'Brilliantly evokes the Palestinian tragedy by way of a complex friendship. This is a fiercely intelligent and honest account.' - Ian McEwan
As a young boy, Raja Shehadeh was entranced by a forbidden Israeli postage stamp in his uncle's album, intrigued by tales of a green land beyond the border.He couldn't have known then what Israel would come to mean to him, or to foresee the future occupation of his home in Palestine. Later, as a young lawyer, he worked to halt land seizures and towards peace and justice in the region. During this time, he made close friends with several young Jewish Israelis, including fellow thinker and searcher Henry. But as life became increasingly unbearable under in the Palestinian territories, it was impossible to escape politics or the past, and even the strongest friendships and hopes were put to the test.

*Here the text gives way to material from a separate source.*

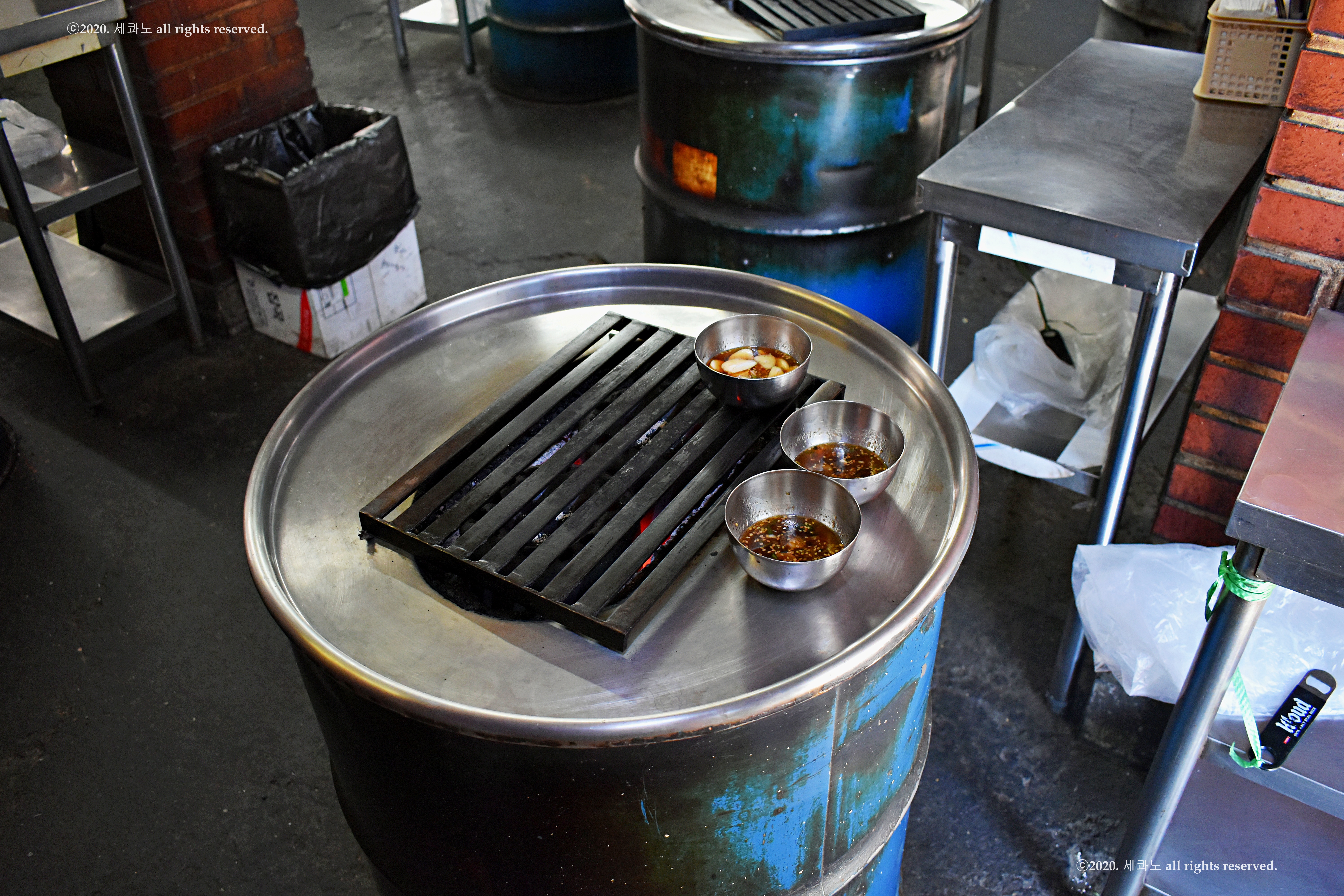 연탄 드럼통으로 만든 테이블에서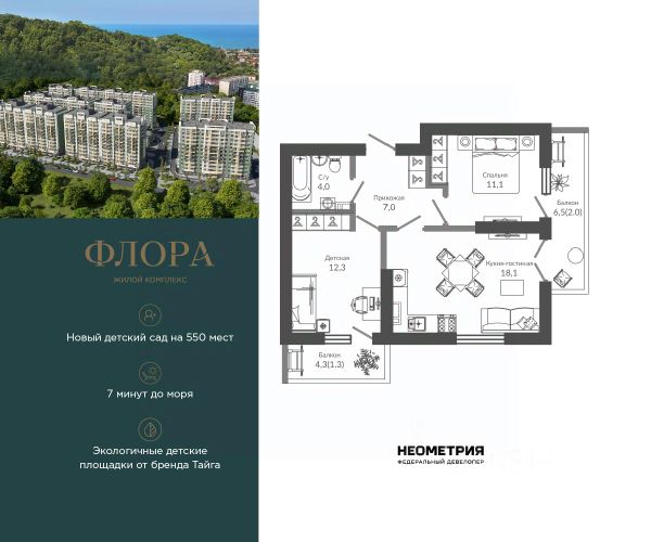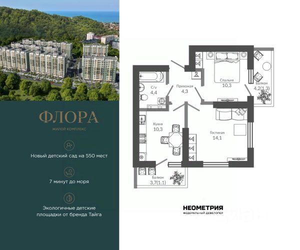 Проект включает в себя 7 жилых корпусов высотой 12 этажей. В подъездах выполнена дизайнерская отделка в светлой цветовой гамме с яркими акцентами, для удобства жителей в местах общего пользования предусмотрена навигация. В каждой секции предусмотрены помещения для хранения велосипедов и колясок с обустроенным местом для мойки колес и лап домашних животных. Покупателям в ЖК предложено множество планировочных решений: в наличии квартиры, как классического типа, так и европланировки. Из окон открываются виды на реку и горы. Квартиры сдаются без отделки. В состав комплекса входит школа на 2 000 мест, детский сад на 550 мест и фитнес-центр. На первых этажах расположены коммерческие помещения. Во дворах установлены детские площадки, спортивные комплексы и деревянные беседки для отдыха. По периметру ЖК ведется видеонаблюдение, к которому можно подключится online при помощи специального приложения для мобильных устройств. Рядом с комплексом располагается благоустроенная набережная реки Кудепста. Комплекс расположен в микрорайоне Кудепста города Сочи. В окрестностях района находится большая плантация пробкового дуба. В пешей доступности есть школы, детские сады, магазины, медучреждения, салоны красоты и места для отдыха. Комплекс расположен в 1,9 км от моря, и 7 км до Сочи.

Brave, intelligent and deeply controversial, in this book award-winning author Raja Shehadeh explores the devastating effect of occupation on even the most intimate aspects of life. Looking back over decades of political turmoil, he traces the impact on the fragile bonds of friendship across the Israel-Palestine border, and asks whether those considered bitter enemies can come together to forge a common future.

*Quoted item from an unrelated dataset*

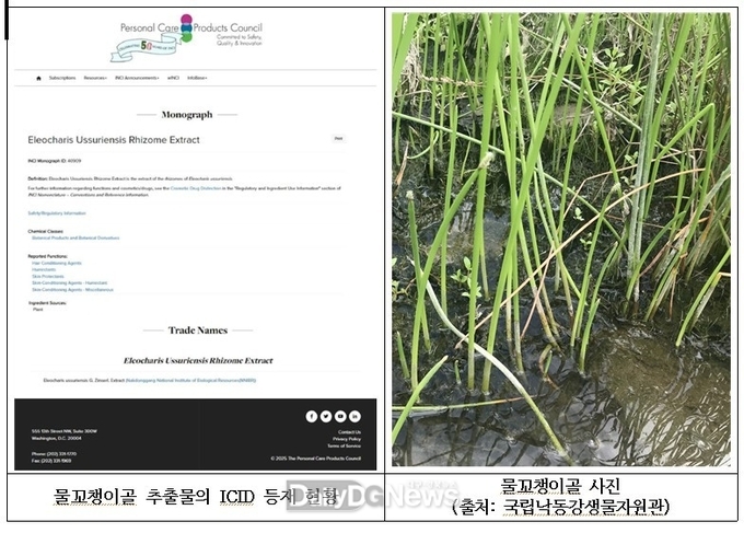 (데일리대구경북뉴스=황지현 기자)기후에너지환경부 산하 국립낙동강생물자원관(관장 용석원)은 11월 10일 최근 담수식물 ‘물꼬챙이골’ 추출물이 국제화장품원료집(International Cosmetic Ingredient Dictionary, ICID)에 신규 등재됐다고 밝혔다.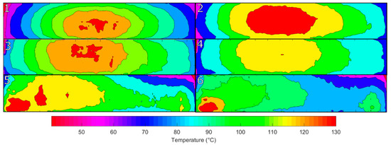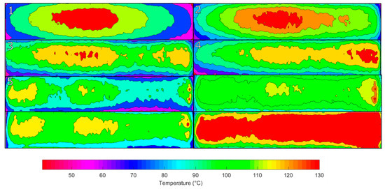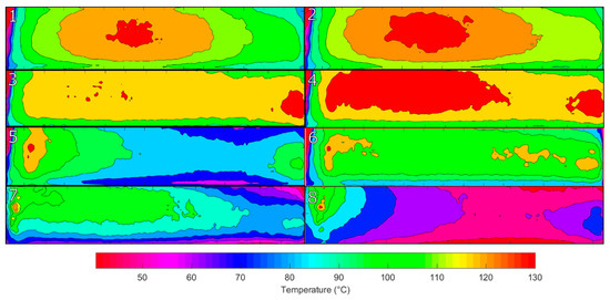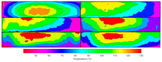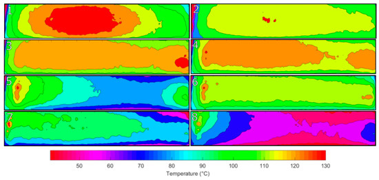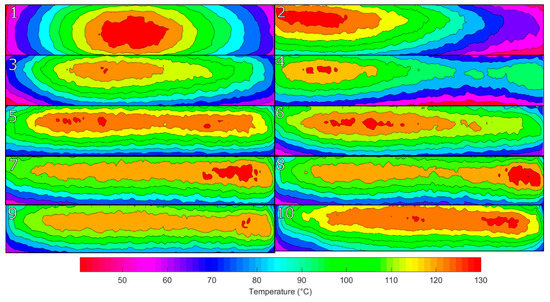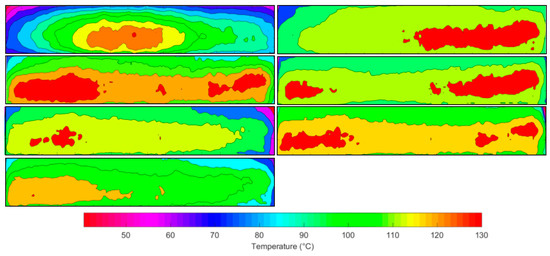 Figure 20 shows the temperature contour plot of the Greyscale–Threshold plus Memory method. The distribution of temperature across the element increases in uniformity with the hot spots reducing in size and becoming concentrated more on the edges of the element. The treatment of elements does not show signs of an oscillation of treatment but more a steady improvement to an optimum temperature profile. The variation between the lowest and highest temperature areas is around 20 °C.

Raja Shehadeh is Palestine's leading writer. He is also a lawyer and the founder of the pioneering Palestinian human rights organisation Al-Haq. Shehadeh is the author of several acclaimed books including Strangers in the House, Occupation Diaries and Language of War, Language of Peace and winner of the 2008 Orwell Prize for Palestinian Walks (all Profile). He lives in Ramallah in Palestine.